Now, we can calculate the value of N using the formula:
N = a1 * m1 * b1 + a2 * m2 * b2 + a3 * m3 * b3
where:
a1, a2, a3 are the given remainders (2, 3, 4)
m1, m2, m3 are the product of all divisors except the current divisor (5 * 7, 3 * 7, 3 * 5)
b1, b2, b3 are the solutions to the equation b * m ≡ 1 (mod divisor)
Calculating each component:
N = 2 * (5 * 7) * 2 + 3 * (3 * 7) * 3 + 4 * (3 * 5) * 1
N = 2 * 70 + 3 * 21 + 4 * 15
N = 140 + 63 + 60
N = 263
Therefore, the number we are looking for is 263.
To solve this problem, we can use the Chinese Remainder Theorem, which allows us to find a unique solution to a system of congruences.
Let's break down the given information into the following congruences:
x ≡ 2 (mod 3)
x ≡ 3 (mod 5)
x ≡ 4 (mod 7)
To find a number that satisfies all three congruences, we can follow these steps:
Step 1: Find the product of the moduli. In this case, 3 * 5 * 7 = 105.
Step 2: For each congruence, divide the product of the moduli by the modulus itself to get a new number.:
For x ≡ 2 (mod 3), this new number is 35 (105 / 3).
For x ≡ 3 (mod 5), this new number is 21 (105 / 5).
For x ≡ 4 (mod 7), this new number is 15 (105 / 7).
Step 3: Find the modular inverse of the new number with respect to each modulus. The modular inverse of a number a (mod m) is a number x such that (a * x) ≡ 1 (mod m).
For 35 (mod 3), the modular inverse is 2 (since 35 * 2 ≡ 1 (mod 3)).
For 21 (mod 5), the modular inverse is 1 (since 21 * 1 ≡ 1 (mod 5)).
For 15 (mod 7), the modular inverse is 1 (since 15 * 1 ≡ 1 (mod 7)).
Step 4: Multiply each congruence by the new number and its modular inverse.
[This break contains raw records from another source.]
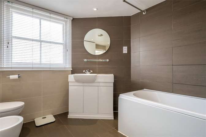 On the second floor facing south is the master bedroom. There are extensive built-in wardrobes along one wall and two more built in to the alcoves either side of the chimney breast. The bathroom is also on this level with smart white bathroom suite and stylish brown and beige tiling. The washing machine is also housed here, discreetly stored in a specially built cupboard.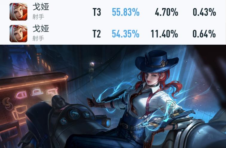 戈娅自从手感被优化之后,其英雄强度大幅提升,该英雄不仅拥有高生存的普攻机制,而且后期伤害也很足。目前排位胜率大涨至55.83%,排名位于全英雄第二,巅峰赛胜率大涨至54.35%,排名位于全英雄第四。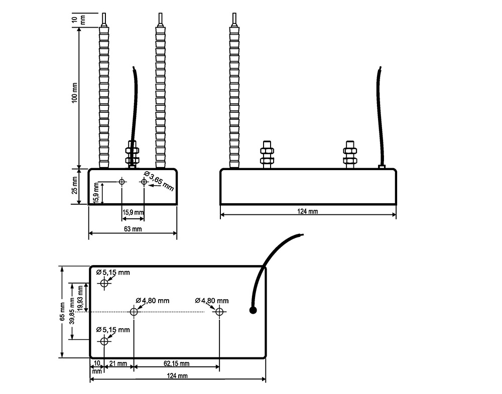 | Typ | Leistung in Watt | Max. Oberflächen- temperatur in °C | Max. Leistungs- dichte in kW/m² |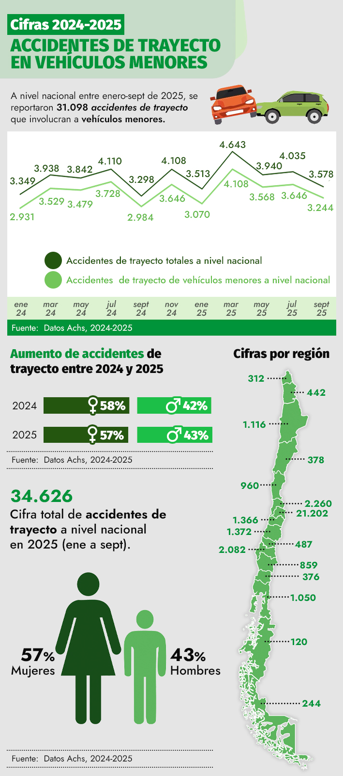 Isabel Contrucci, directora de Estudios de la Achs, afirmó que "los accidentes de trayecto son una de las expresiones de la accidentabilidad laboral en Chile. Contar con información detallada sobre cómo, cuándo y a quiénes afectan estos siniestros permite comprender mejor los factores de riesgo asociados a la movilidad cotidiana y fortalecer las estrategias preventivas, contribuyendo a reducir la ocurrencia de accidentes en los desplazamientos hacia y desde el trabajo".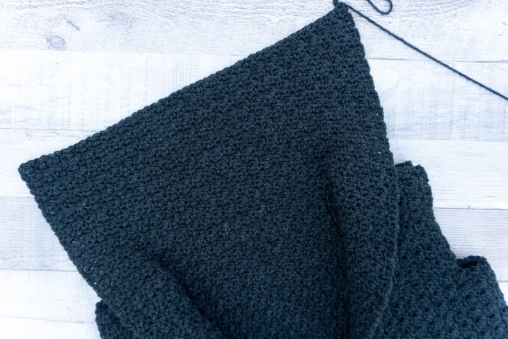 Fasten off leaving a long enough tail for seaming hood shut. Fold hood in half and sew stitch for stitch using your preferred method.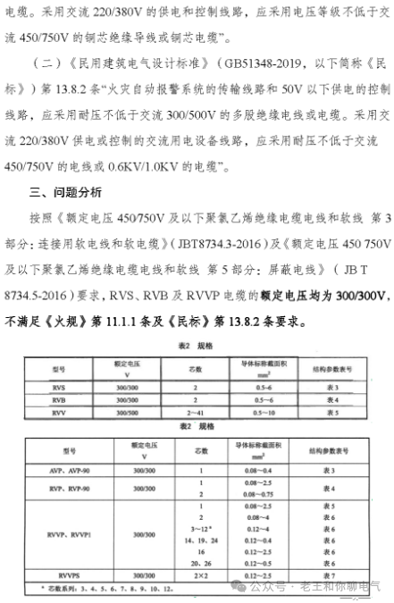 因此,RVS、RVB、RVVP线缆的电压等级不满足GB50116-2013《火灾自动报警系统设计规范》、GB 51309-2018《消防应急照明和疏散指示系统技术标准》、GB 51348-2019《民用建筑电气设计标准》等各大规范的要求,不能使用!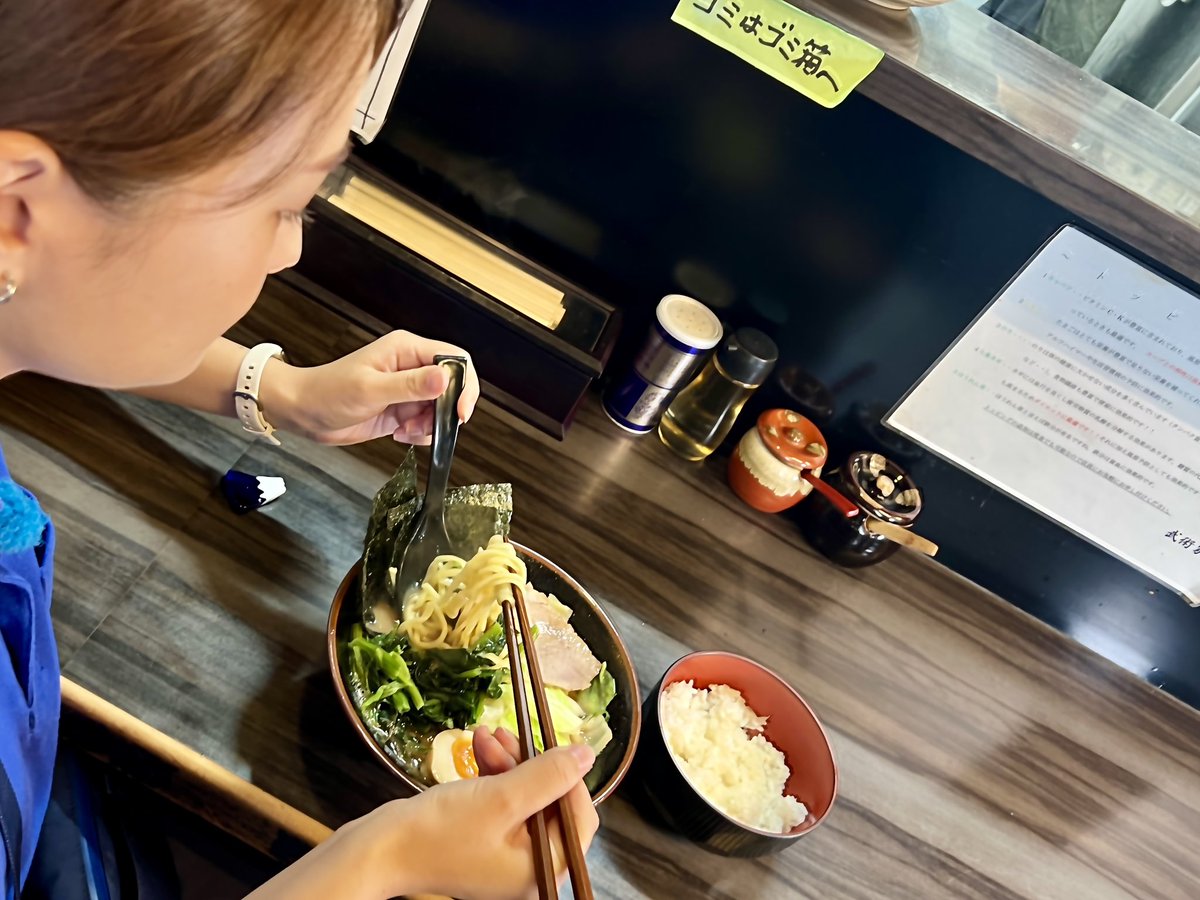 長く炊いたこだわりのスープは鶏ガラや豚骨の旨みが濃い!後味はさっぱり。無料のライスによく合う!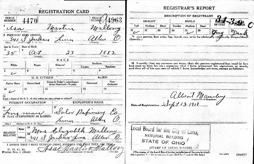 September 12, 1918 - 341 S Jackson, Lima, Allen County, Ohio.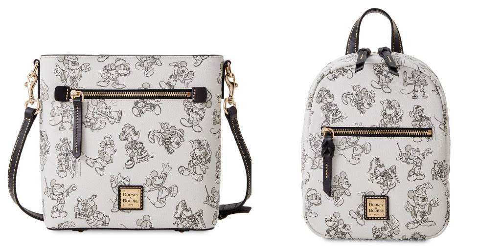 Dooney & Bourke is keeping things simple and classic with their latest Disney release. A new white leather bag accented with black straps and gold hardware spotlights Mickey Mouse throughout a series of sketchbook styles.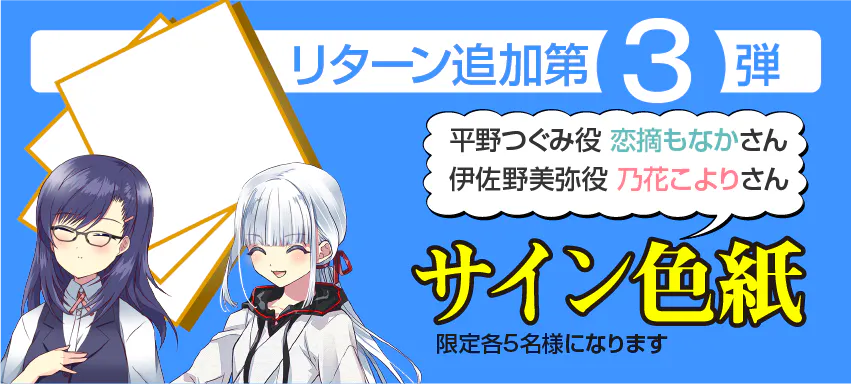 平野亜希役の「恋摘もなかさん」、伊佐野美弥役の「乃花こよりさん」のサイン色紙をリターンに追加しました!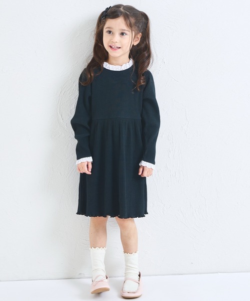 シンプルな無地デザインのワンピースに、襟元と袖部分に施されたレースフリルがよく映える1枚です。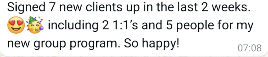 Client L. closed down her membership that was started from misalignment, and signed 7 high-ticket clients in two weeks off the back of this decision.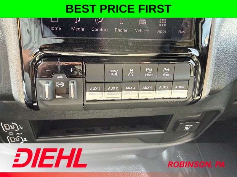 This truck is packed with cutting-edge technology and premium amenities to elevate your driving experience. Enjoy seamless connectivity with the Uconnect 5 Navigation system, featuring a 12" touchscreen display, integrated voice commands, and wireless Apple CarPlay and Android Auto. Stay informed and entertained with SiriusXM with 360L and Alexa Built-In. The 400W inverter and 115V exterior outlet provide the power you need for any job site.
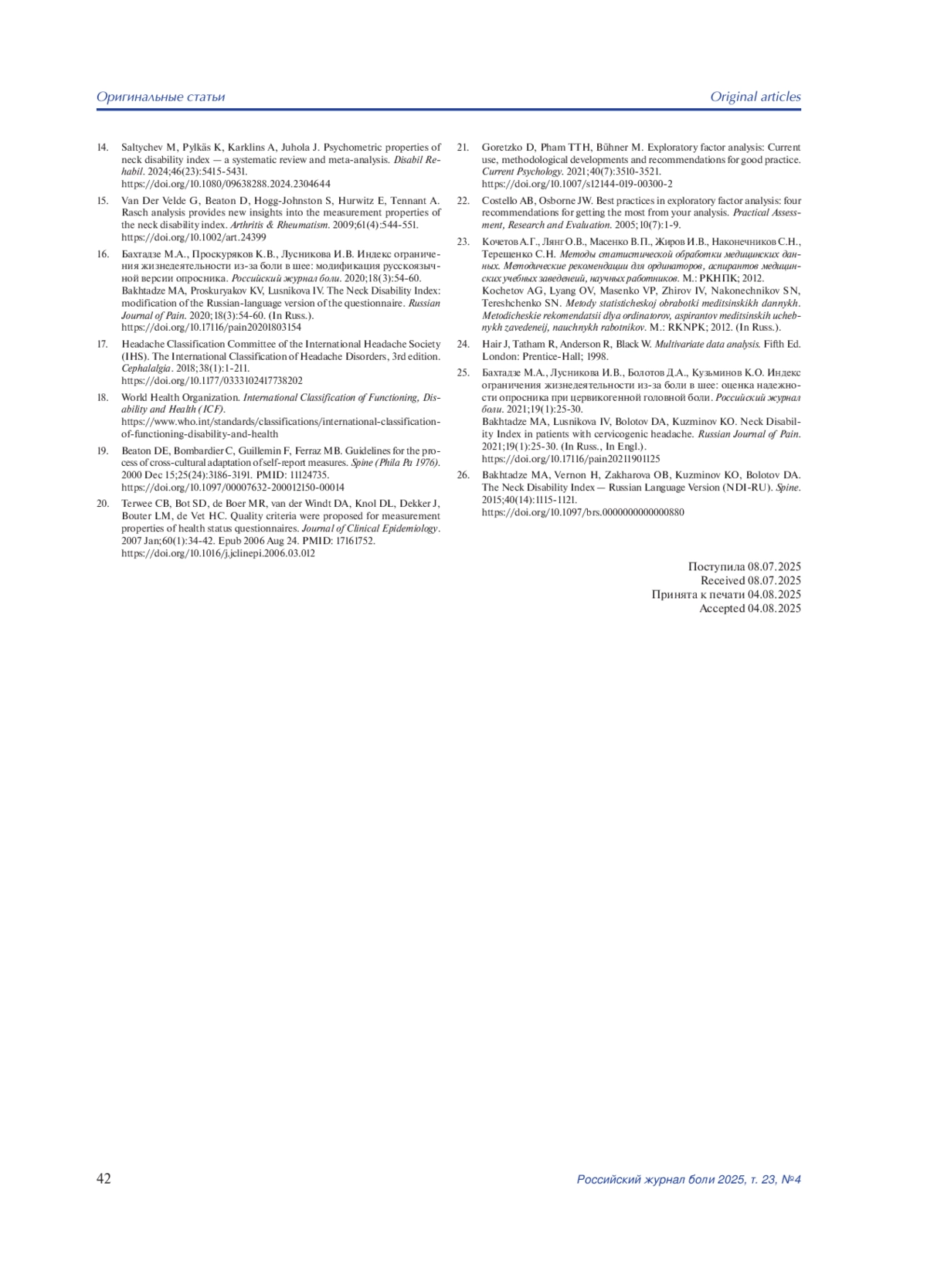 25. Бахтадзе М.А., Лусникова И.В., Болотов Д.А., Кузьминов К.О. Индекс ограничения жизнедеятельности из-за боли в шее: оценка надежности опросника при цервикогенной головной боли. Российский журнал боли. 2021;19(1):25-30. DOI: 10.17116/pain20211901125
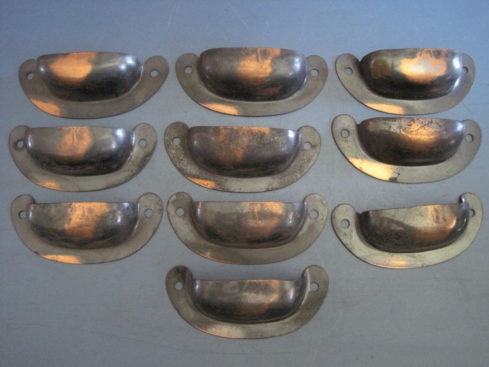 TEN VINTAGE ANTIQUE MISSION METAL JAPANNED DRAWER PULL KNOBS FURNITURE DRESSER
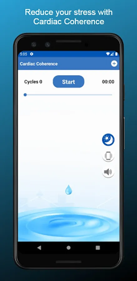 Just breathe in when the water drop is going up and breathe out when it goes down. A vibration allows you to follow the pace with your eyes shut.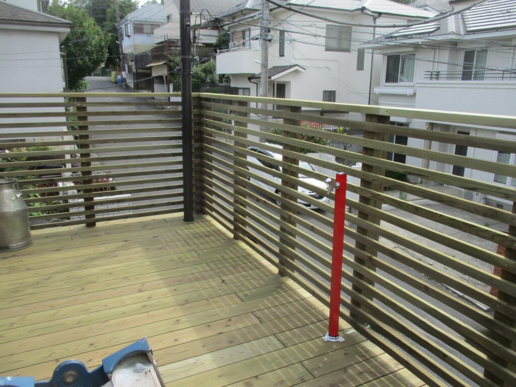 見上げるハイデッキ。フェンスの桟も少し空きを広げて通風を多めに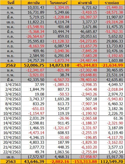 Sinthorn Summary 22/4/2563 : ต่างชาติขายสุทธิ -2,755.84 ลบ.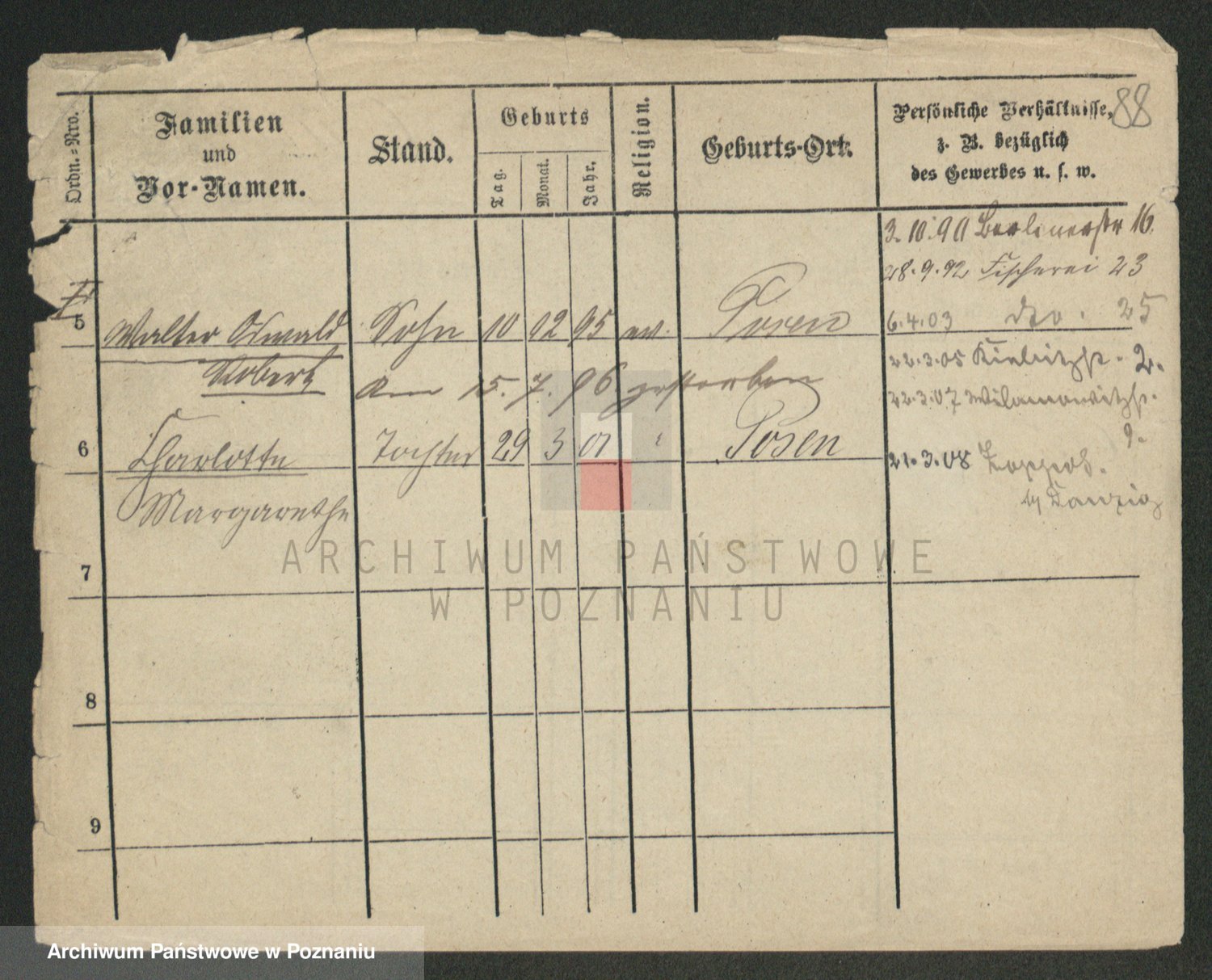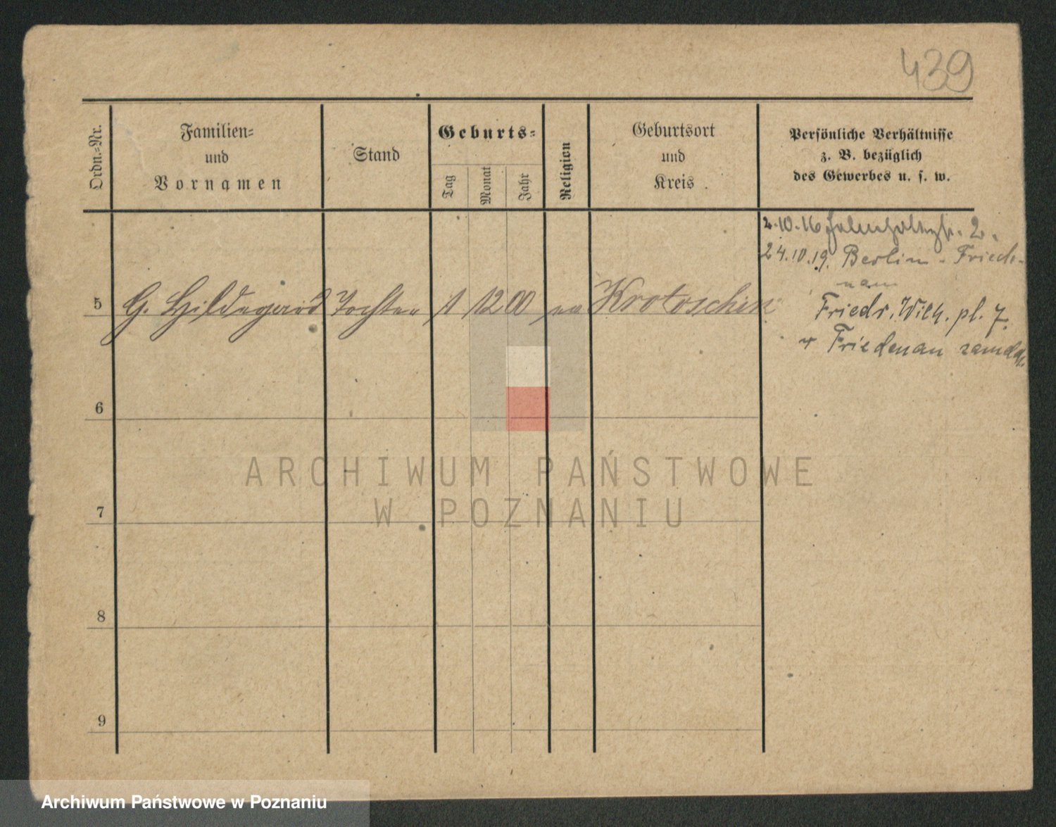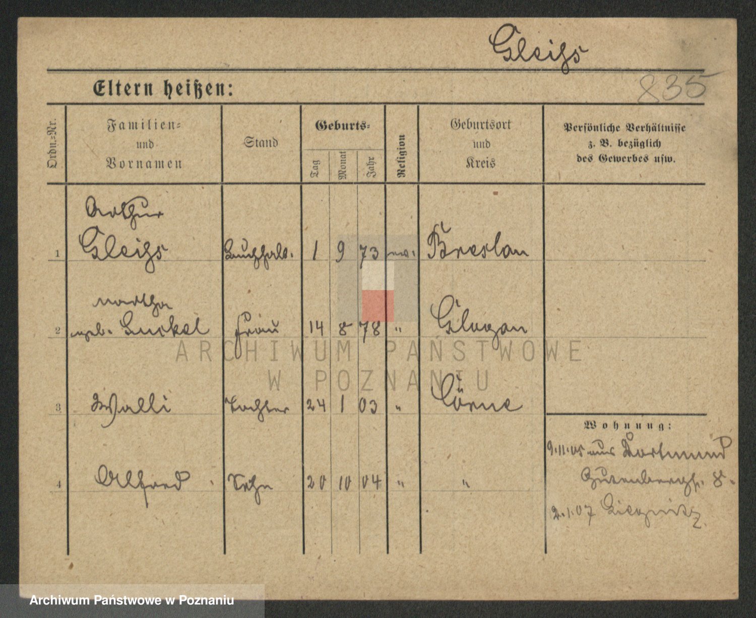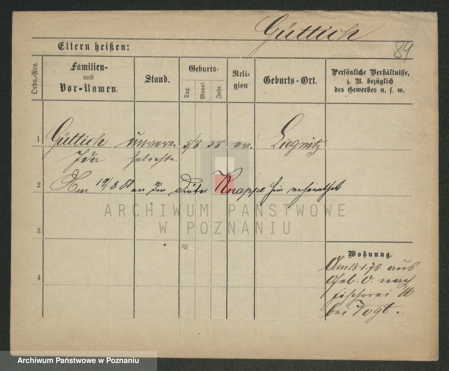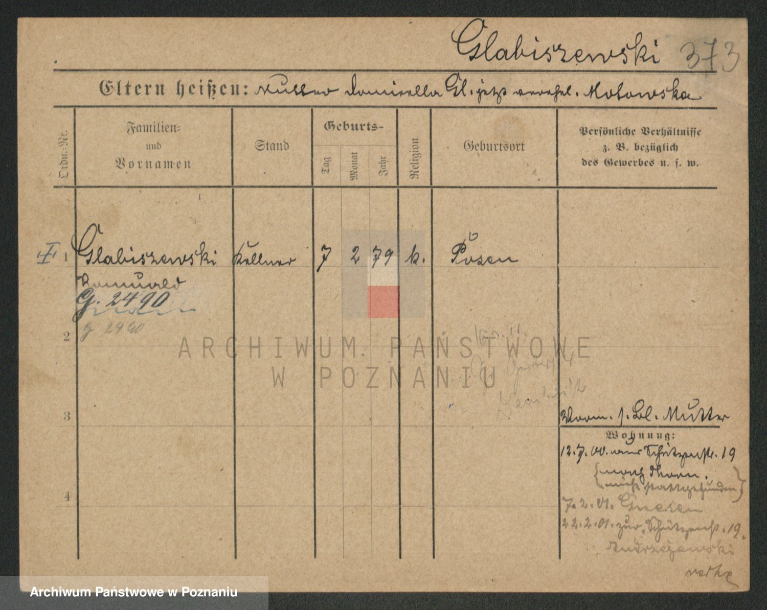 Podgląd karty osobowej dostępny jest po kliknięciu na nazwisko lub ikonkę karty. Można dokonywać powiększenia (ikony na górze) lub przechodzić między kolejnymi skanami (strzałki po bokach).

Then add them together.
For the first congruence:
(2 * 35 * 2) ≡ 2 * 1 * 1 ≡ 7 (mod 3)
For the second congruence:
(3 * 21 * 1) ≡ 6 * 1 * 1 ≡ 6 (mod 5)
For the third congruence:
(4 * 15 * 1) ≡ 4 * 1 * 1 ≡ 4 (mod 7)
Step 5: Add up the results from Step 4.
7 + 6 + 4 = 17
Step 6: Take the result from Step 5 modulo the product of the moduli.
17 (mod 105) ≡ 17
So the number we are looking for is 17.